— А, певец наш пришёл! — весело встречают меня обычно девушки. — Раненый дома.
Девушки улыбаются, внимательно смотрят на меня. Я обязательно подсяду к ним. Витька лежит где-нибудь и читает, я беседую с ними. А когда иду к Витьке, они перешёптываются, смотрят мне вслед. Вдруг засмеются. Не с издёвкой, как девчонки, а как-то загадочно. И смех этот приятно волнует меня. Нина красивей Оли. Она полная, пальцы рук у неё напоминают пальцы Курбанской. Светлые гладкие волосы заставляют вспоминать Тамару. Но Тамара худенькая. У Нины и губы полные, и колени не острые. И уши какие-то прозрачные, когда их освещает солнце.

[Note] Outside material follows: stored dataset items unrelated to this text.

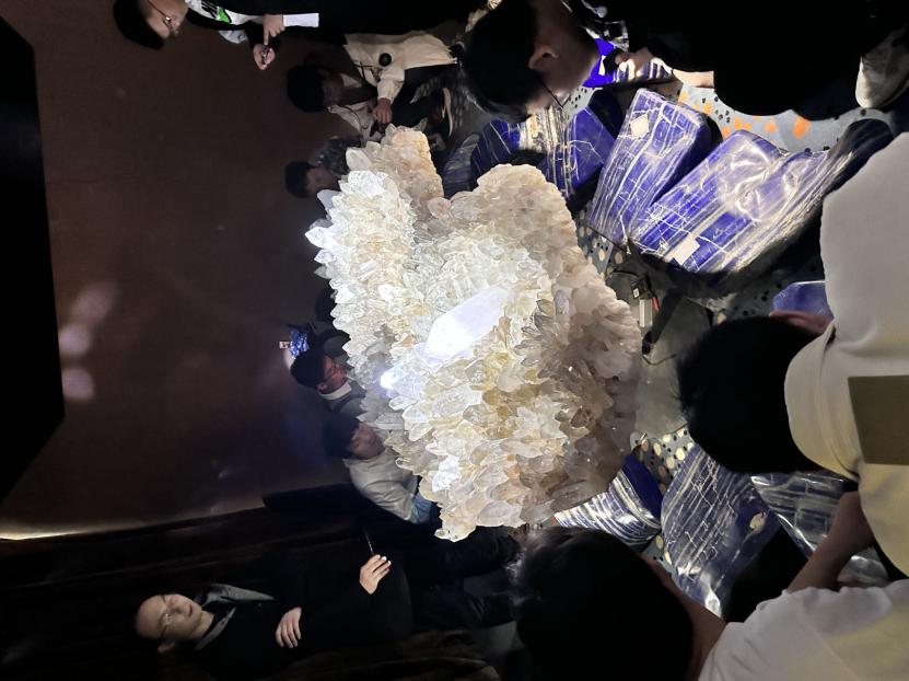 为确保每位同学都能近距离观察到奇珍异宝,领略大自然的鬼斧神工,同学们分为两队,分别由朱郗和孙国梁两位老师带队讲解。一进入大厅,印入眼帘的是一个巨大的紫水晶晶洞,后面是满墙铺陈的海百合。继续深入大厅内部,里面陈列着异彩纷呈、千奇百怪的矿物,有千姿百态的黄铁矿,色彩缤纷的水晶,“毛茸茸”的石膏等多种多样的矿物展品,一下子吸引了同学们的目光。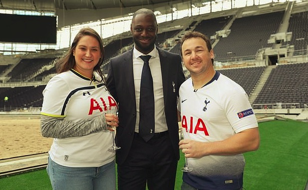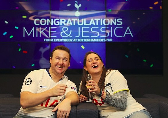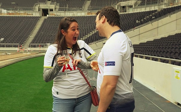 尽管如此,一对球迷情侣先于热刺球员体验了新球场。来自纽约的 Mike Salerno 在场边向女友 Jessica 求婚成功了。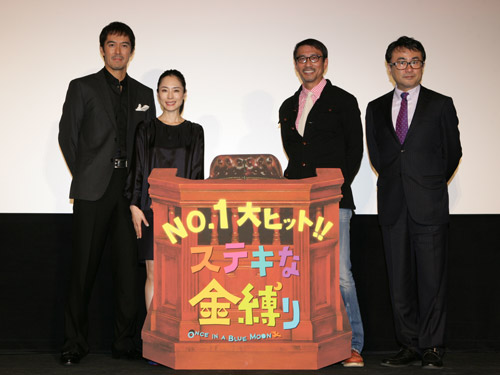 映画「ステキな金縛り」の舞台あいさつに出席した(左から)阿部寛、深津絵里、中井貴一、三谷幸喜監督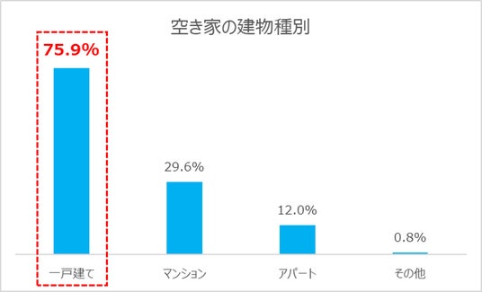 空き家の建物形態のうち、最も多いのは「一戸建て(75.9%)」で、前回同様最多の割合。居住地の県外に空き家を所有する人は、4人に1人の割合で存在しています。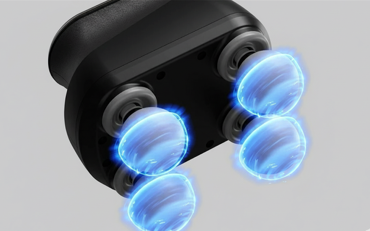 Patru capete funcționează împreună, oferind confort pe o suprafață largă. Relaxează-ți spatele, umerii sau picioarele mai rapid ca niciodată.

Я посижу с Витькой. Девушки вдруг крикнут: «Боря, ребята!» Это они зовут нас играть в карты. Играем в дурачка, в подкидного. Мне всегда хочется попасть в пару с Ниной. Соображает она хорошо, но волнуется, переживает при неудачном ходе. Я гоже внимателен к игре. Когда на руках хорошая карта, мне весело, что не огорчу партнёршу. Мало думаю об игре и заглядываюсь на Нину.
У Оли есть жених, Колька Быстров из пригорода. Он играет на гитаре, поёт всякие песни. Видом своим он напоминает Васюру. Но в первые дни знакомства он нравился мне. Заявится вечером к девушкам. Если матери Нины нет, бренчит на гитаре, напевает, поблёскивая золотым зубом. При этом дёргается, хитро подмигивает. Говорили, что он блатной, носит нож. Взрослые ребята его побаиваются. Он в любое время может достать билеты в кино и приносит их девушкам. Он совсем некрасив. И мне кажется, Оля любит его за ухарство и веселье. Слушая Кольку, посмотрит в глаза присутствующим и будто говорит: «Вот он у меня какой молодец!»
Однажды Колька пришёл, а Оли не было. Нина перебирала яблоки на полу в своей комнате. Мы с Витькой делали перемёт, который собирались поставить на ночь возле гребли.
— Отстань, Колька, Оле скажу! — услышал я голос Мины и глянул через дверь в её комнату. Колька держал её за плечи, что-то говорил. Она отмахивалась.
— Да пусти ты! — крикнула Нина и поднялась.
Колька хихикнул, погрозил ей пальцем и ушёл. Я почувствовал к нему отвращение, злобу и решил: если он будет приставать к Нине, подговорю Лягву и отколотим его хорошенько.
Когда Нины нет дома, меня тянет зайти в её комнату. Разглядываю её вещи: халатик, платье, тапочки, разные безделицы на туалете. Едва стукнет калитка, стремглав убегаю из комнаты.
Нина прозвала меня «певцом», потому что, занимаясь какой-нибудь работой, я обязательно напеваю.
— Что певец здесь делает? — сказала она однажды, захватив меня в своей комнате: я рассматривал на стене её фотографию в картонной рамочке и тут же покраснел.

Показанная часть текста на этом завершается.